**TASK DIRECTIONS**
Only text lines belong in the answer: the lines from the first one in the records through the line with "索鞍是支承主纜的重要構件,其", copied exactly.
══ DATASET CONTENT ══
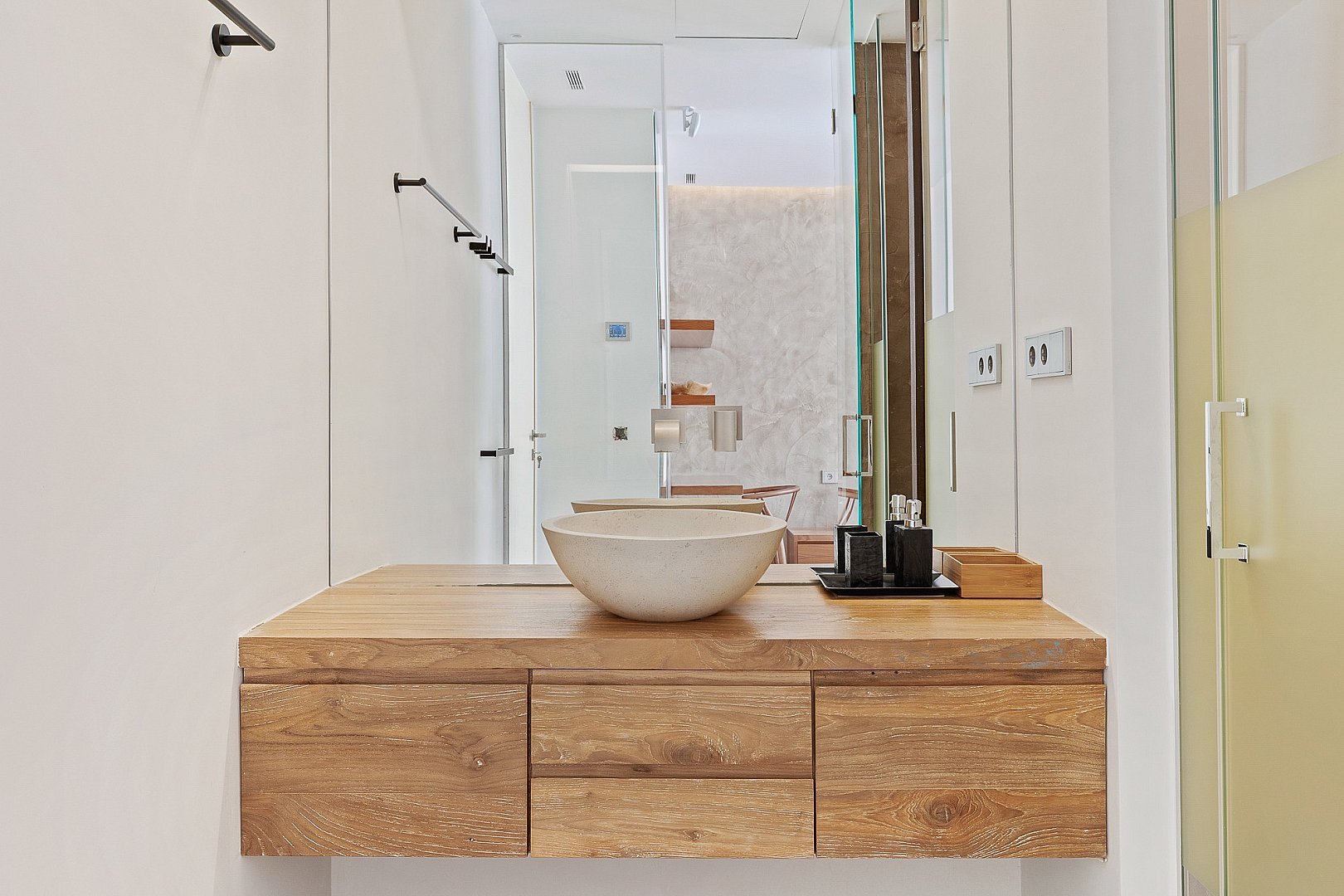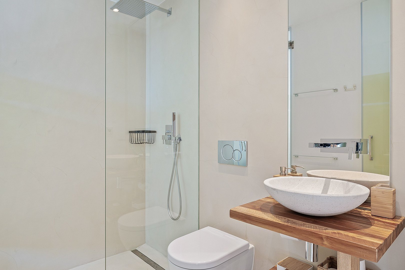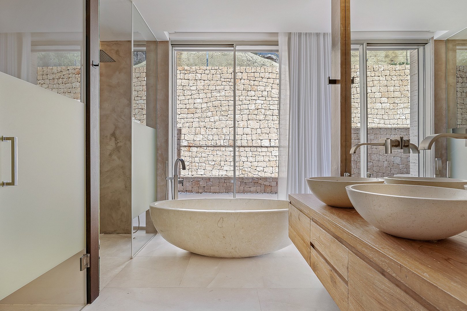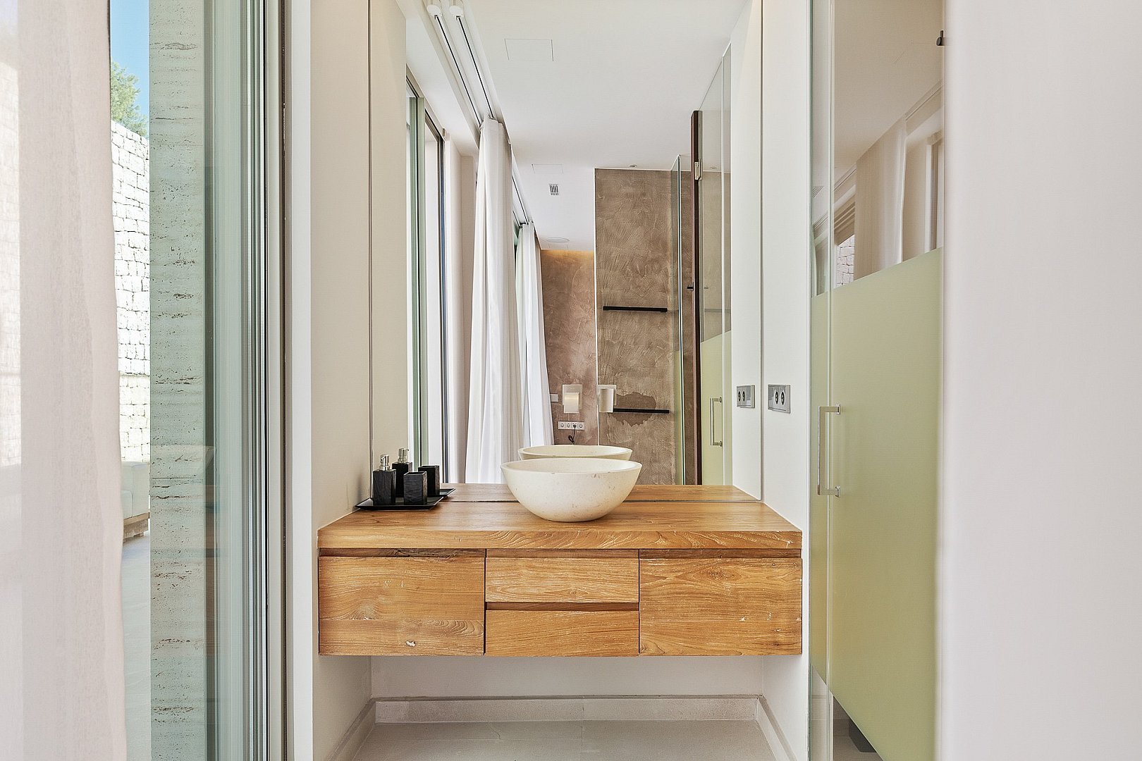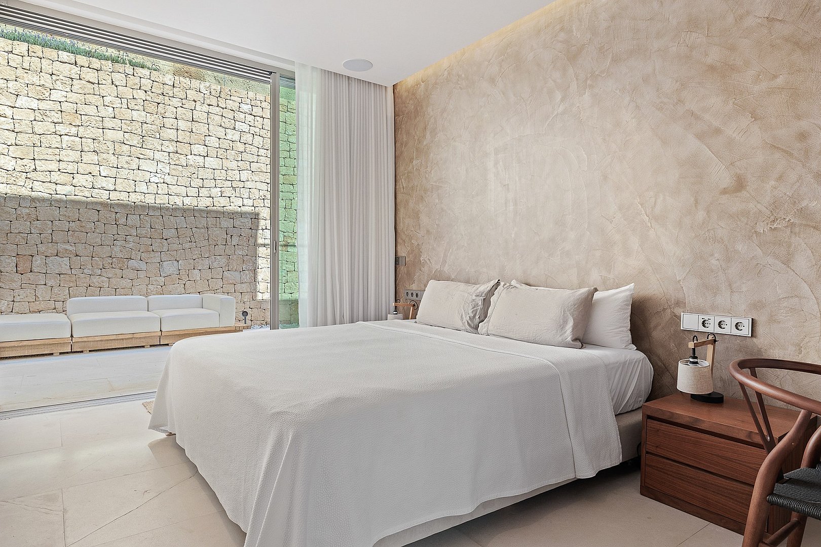 Type: House • Region: Ibiza Town and Surroundings • Total Surface: 460 m2 • Terraces: 1 • Total rooms: 7 • Bedrooms: 6 • Bathrooms: 6 • Plot size: 2.220 m2 • Guest Apartment • Fireplace • Elevator • Swimmingpool • Guest Toilet • Heating: Underfloor heating • Floor type: Stone •
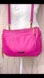 Vibrant fuchsia pink (rose red) colour bag with gold zipper/hardware, and gold feather jewel.
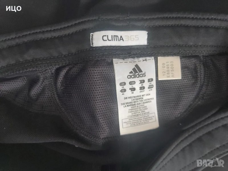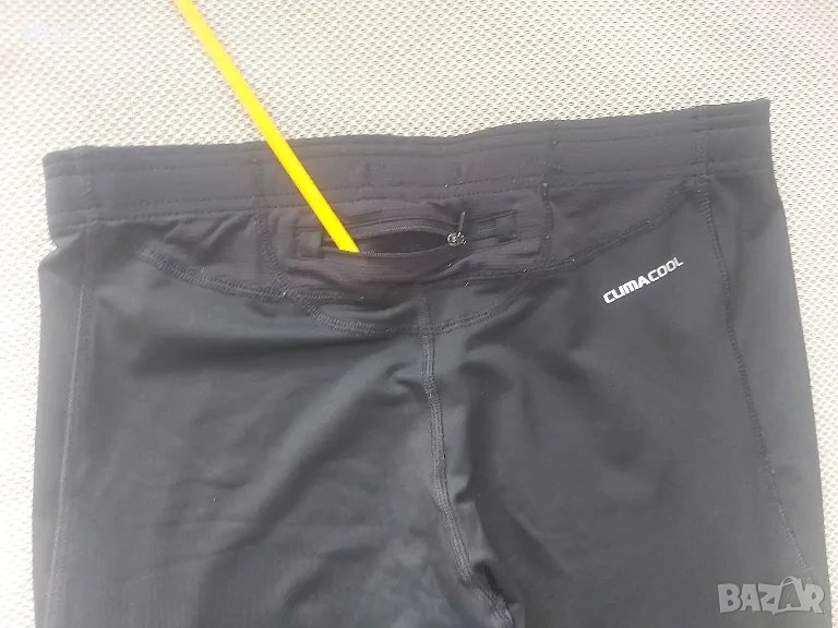 Състояние много добро на дамския клин. Със заден малък джоб с цип и цип на глезените. Леко обелен знак на адидас, има го на последната снимка. Със мрежести отвори на кръста и зад коленете. Дължина от кръста до долу е 91.5см. широчина на кръста е 36см. широчина на глезените е 11.5см. Размер USA L. Цена 30лв.
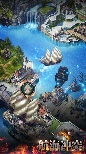 2、扮演领地领主,通过发展领地、收获资源、建造战舰、训练士兵,打造最强航海舰队,称霸海洋。
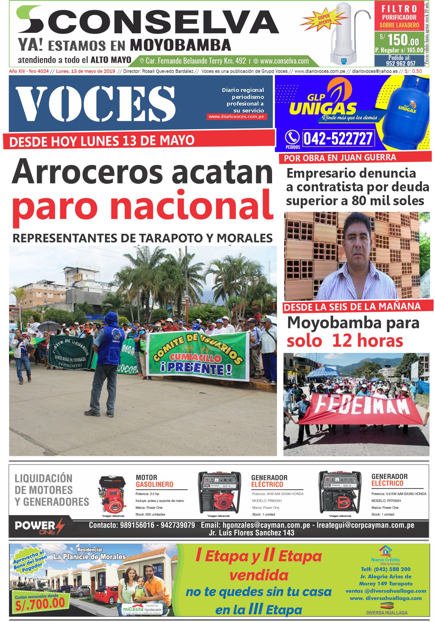 Portada del día Lunes 13 de Mayo de 2019
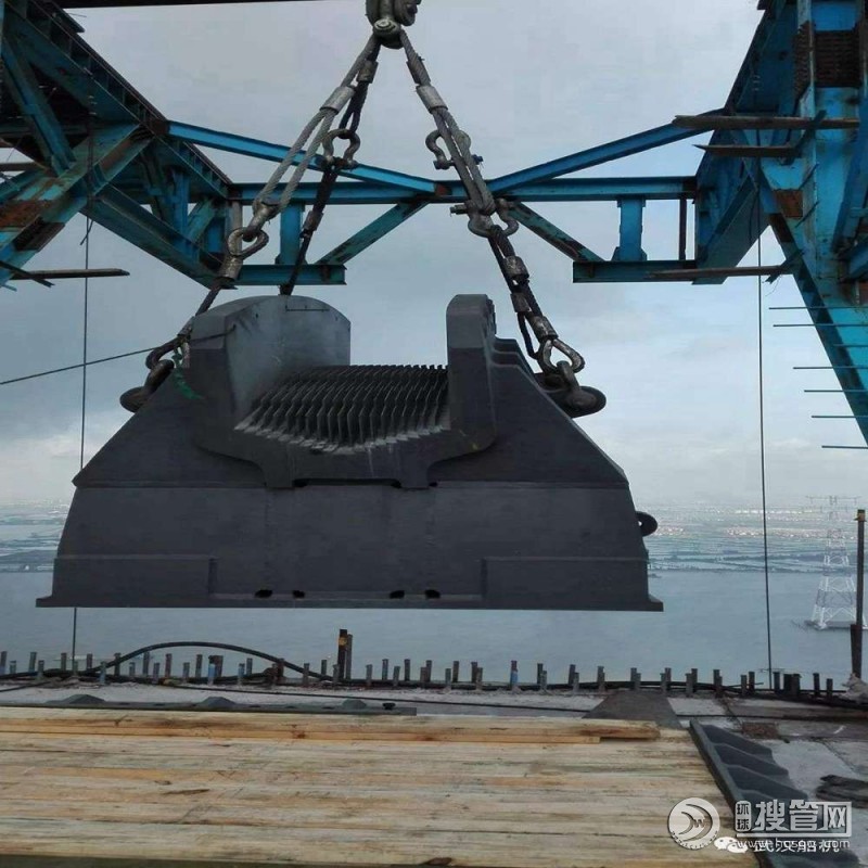 索鞍是支承主纜的重要構件,其作用是保證主纜索平順轉折;將主纜索中的拉力在索鞍處分解為垂直力和不平衡水平力,并均勻地傳至塔頂或錨碇的支架處。索鞍可分為塔頂索鞍和錨固索鞍。塔頂索鞍設置在橋塔頂部,將主纜索荷載傳至塔上;錨固索鞍(亦稱散索鞍),設置在錨碇的支架處,主要作用是改變主纜索的方向,把主纜索的鋼絲繩束在水平及豎直方向分散開來,并將其引入各自的錨固位置。為了減少塔頂索鞍處鋼絲的彎曲次應力,塔頂索鞍彎曲半徑一般為主纜索直徑的8—12倍;而散索鞍必須考慮鋼絲繩束的水平曲率半徑和豎直曲率半徑,以確定索鞍合理形狀。索鞍通常采用鑄焊組合件組成,大型組件采用分塊制作,安裝后通過螺栓或焊接連成整體。
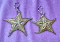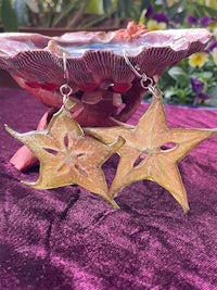 Whole slices of exotic Starfruit, Hand dried and preserved in Resin. They look so juicy and cute, like stained glass in the sun. Set in Silver hypoallergenic findings.
═══
**SOLUTION**
 Type: House • Region: Ibiza Town and Surroundings • Total Surface: 460 m2 • Terraces: 1 • Total rooms: 7 • Bedrooms: 6 • Bathrooms: 6 • Plot size: 2.220 m2 • Guest Apartment • Fireplace • Elevator • Swimmingpool • Guest Toilet • Heating: Underfloor heating • Floor type: Stone •
 Vibrant fuchsia pink (rose red) colour bag with gold zipper/hardware, and gold feather jewel.
 Състояние много добро на дамския клин. Със заден малък джоб с цип и цип на глезените. Леко обелен знак на адидас, има го на последната снимка. Със мрежести отвори на кръста и зад коленете. Дължина от кръста до долу е 91.5см. широчина на кръста е 36см. широчина на глезените е 11.5см. Размер USA L. Цена 30лв.
 2、扮演领地领主,通过发展领地、收获资源、建造战舰、训练士兵,打造最强航海舰队,称霸海洋。
 Portada del día Lunes 13 de Mayo de 2019
 索鞍是支承主纜的重要構件,其作用是保證主纜索平順轉折;將主纜索中的拉力在索鞍處分解為垂直力和不平衡水平力,并均勻地傳至塔頂或錨碇的支架處。索鞍可分為塔頂索鞍和錨固索鞍。塔頂索鞍設置在橋塔頂部,將主纜索荷載傳至塔上;錨固索鞍(亦稱散索鞍),設置在錨碇的支架處,主要作用是改變主纜索的方向,把主纜索的鋼絲繩束在水平及豎直方向分散開來,并將其引入各自的錨固位置。為了減少塔頂索鞍處鋼絲的彎曲次應力,塔頂索鞍彎曲半徑一般為主纜索直徑的8—12倍;而散索鞍必須考慮鋼絲繩束的水平曲率半徑和豎直曲率半徑,以確定索鞍合理形狀。索鞍通常采用鑄焊組合件組成,大型組件采用分塊制作,安裝后通過螺栓或焊接連成整體。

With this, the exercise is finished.